◆ Work instruction ◆
Give back the exact lines of the material below from the one containing "在結業儀式上,吳春梅校長給所" through the one containing "Summary: This paper", and no pictures.

◆ Data excerpts ◆
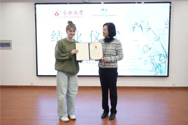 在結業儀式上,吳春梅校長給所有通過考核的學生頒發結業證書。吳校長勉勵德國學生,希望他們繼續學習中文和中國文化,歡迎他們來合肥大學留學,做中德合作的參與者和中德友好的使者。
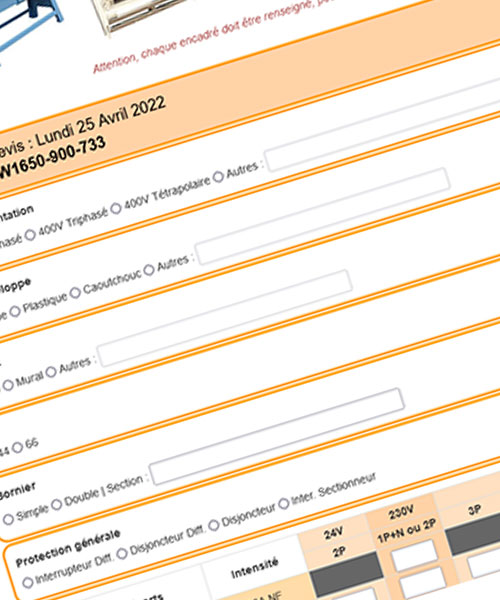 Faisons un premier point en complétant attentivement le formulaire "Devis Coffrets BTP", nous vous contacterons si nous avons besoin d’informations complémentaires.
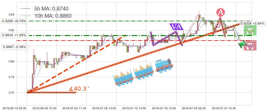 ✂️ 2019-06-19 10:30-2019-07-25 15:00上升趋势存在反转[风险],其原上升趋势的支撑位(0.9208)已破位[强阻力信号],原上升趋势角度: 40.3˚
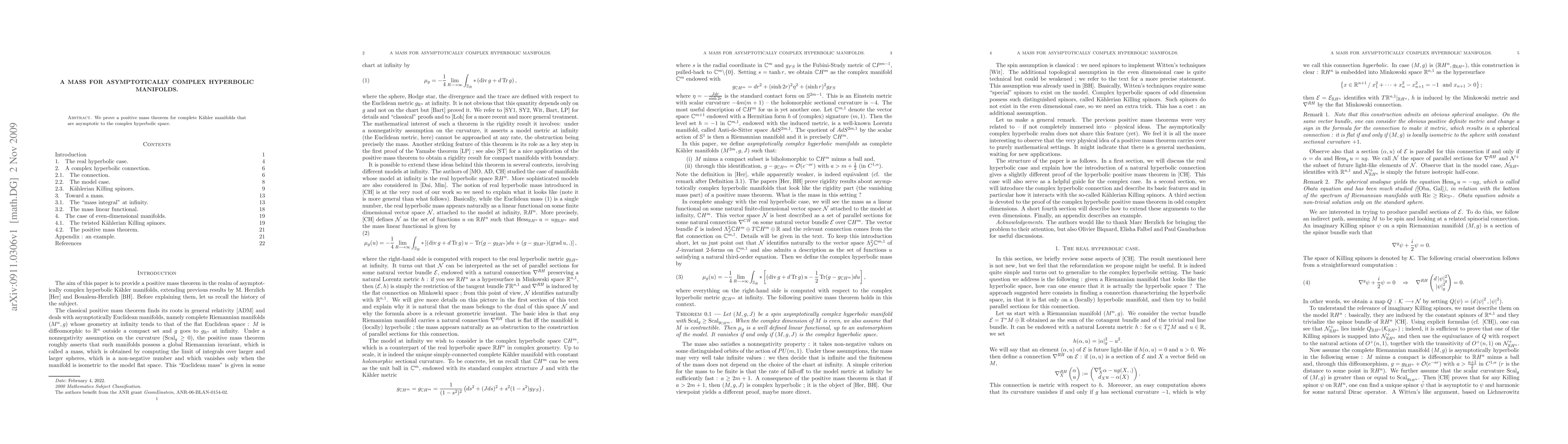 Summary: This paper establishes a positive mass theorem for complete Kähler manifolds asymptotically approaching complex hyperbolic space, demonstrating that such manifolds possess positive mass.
...
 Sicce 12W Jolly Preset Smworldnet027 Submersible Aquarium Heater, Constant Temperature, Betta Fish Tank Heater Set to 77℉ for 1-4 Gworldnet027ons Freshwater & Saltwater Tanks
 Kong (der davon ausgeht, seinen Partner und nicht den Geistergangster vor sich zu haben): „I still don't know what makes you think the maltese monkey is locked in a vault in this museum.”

◆ Output for this task ◆
 在結業儀式上,吳春梅校長給所有通過考核的學生頒發結業證書。吳校長勉勵德國學生,希望他們繼續學習中文和中國文化,歡迎他們來合肥大學留學,做中德合作的參與者和中德友好的使者。
 Faisons un premier point en complétant attentivement le formulaire "Devis Coffrets BTP", nous vous contacterons si nous avons besoin d’informations complémentaires.
 ✂️ 2019-06-19 10:30-2019-07-25 15:00上升趋势存在反转[风险],其原上升趋势的支撑位(0.9208)已破位[强阻力信号],原上升趋势角度: 40.3˚
 Summary: This paper establishes a positive mass theorem for complete Kähler manifolds asymptotically approaching complex hyperbolic space, demonstrating that such manifolds possess positive mass.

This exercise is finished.